Keith E. Stanovich, a professor of human development and applied psychology at the University of Toronto, will receive the 2010 Grawemeyer Award in Education, the University of Louisville has announced.
Mr. Stanovich was honored for his 2009 book, What Intelligence Tests Miss: The Psychology of Rational Thought (Yale University Press). His research shows that many people who score highly on measures like the IQ test and the SAT still make poor life decisions. Such tests are incomplete measures of good thinking, he says, because they fail to take into account the rational skills needed to exercise good judgment in daily life.
Mr. Stanovich's work "encourages us to rethink what intelligence means and come up with a better way to measure this important human trait," said Bill Bush, an education professor at Louisville who directs the award.
The award is one of five Grawemeyer prizes that are presented each year in recognition of achievements in the arts, humanities, and social sciences. The awards were created in 1984 by H. Charles Grawemeyer, a University of Louisville alumnus, and are given by the Grawemeyer Foundation. Each prize carries a $200,000 cash award.

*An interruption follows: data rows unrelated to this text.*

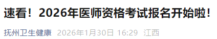 江西抚州2026年医师资格考试报名现场审核时间|材料要求已公布!请相关考生及时查看,做好报名审核准备!
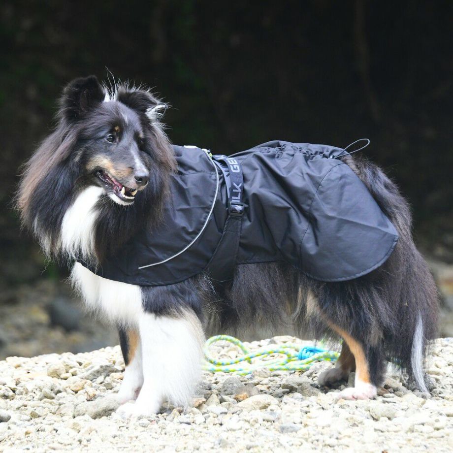 急な雨の中でも撥水、撥油、防汚加工により水や泥などの汚れから愛犬を守り、お手入れも簡単です。
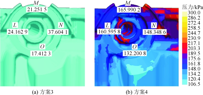 从模拟结果分析,根据铸件的填充气压对比,通过对滤清器安装面的取点测量可知使用方案3抽真空工艺比使用方案4大气排气的气压数值低,气压数值平均低约131.8 kPa,因高气压引起的气孔外露风险降低。图8为两个方案的气压模拟对比图,表4为两个方案的取点气压对比数据表。方案3为抽真空排气模拟,方案4为常规大气排气模拟。
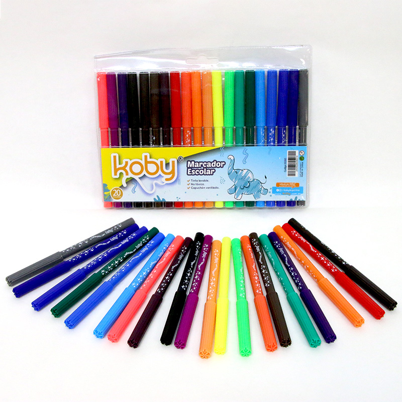 HomeCatálogoCOLOREOMARCADOR KOBY ESCOLAR X20 LAVABLE 1MM
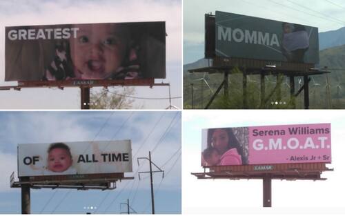 I primi tre manifesti compongono la frase Greatest Momma of All Time, ossia “La più grande mamma di tutti i tempi”. Il quarto recita: “Serena Williams: G.M.O.A.T. Alexis Jr. + Sr.”-

The recipients of the 2010 prizes in music composition, for ideas improving world order, and in psychology were announced earlier this week. More information about the awards and their recipients is available on the organization's Web site. —Charles Huckabee






Comments
1. rbrunson56 - December 03, 2009 at 05:17 am
Professor Stanovich's work reminds me of something I have heard referred to as emotional intelligence. Casual observation confirms that there isn't necessarily a correlation between a high IQ (buckets of brain cells), and the quality of one's life.

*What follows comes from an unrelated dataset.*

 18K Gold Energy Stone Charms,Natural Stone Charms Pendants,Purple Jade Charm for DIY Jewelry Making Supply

The ability to think with clarity and make good decisions appears to trump raw IQ as a predictor of life quality. Not sure I can reference a white paper on the subject, but would be interested in reading such a report.
2. isugeezer - December 03, 2009 at 11:22 am
To rbrunson56: If you want some background information regarding EQ, Howard Gardner has been writing about this for many years.
3. davdlev - December 03, 2009 at 02:00 pm
As I understand it Stanovich is skeptical regarding Gardner. The core question in his work is centered on why so many peole who score very high in standardized testing make poor, even irrational decisions.
His thesis is that there are other things besides what we think of (and measure) as intelligence that come into play in decision making, and that we need to understand and measure what those things are.
4. arrive2_net - December 03, 2009 at 11:33 pm
I haven't read that book but I do have a reaction to the content of the above article. I don't think that the concept or variable we call 'intelligence' would necessarily be improved by being made more global. Intelligence tests are used in fields other than just education. They are used in psychiatric diagnosis and research as well as more general medical diagnosis and research (where brain function is of interest) and many other contexts as well. Perhaps the existing measures of intelligence are useful in such contexts, partly because they are as narrow as they are. A global measure of 'rational thought', calibrated based on 'exercising good judgement in dailey life', is ultimately an outcome measure which is itself based on success. Success is dependent upon factors in addition to 'intelligence'. An example of such additional factors would be Gardener's concept of Emotional Intelligence (discussed in comments above), but there are other factors involved beyond nominal cognitive or emotional intelligence. Factors may include the 'context of the challenge', individuals may exercise 'rational thought' in some contexts but not in others. Inhibition or stimulation of a given individual's exercise of intelligence may be due to prior trauma or prior training (or lack of training), and therefore rational thinking is not necessarily strictly a function of 'intelligence' (if intelligence is some form of cognitive processing). 'Intelligence' (defined as some sort of cognitive processing) may be available in an individual's brain, but may or may not be exercised to create rational thought or action. It is worth mentioning that Daniel Goleman's idea of 'multiple intelligence' also suggests that 'rational thinking' may be more complicated than global intelligence.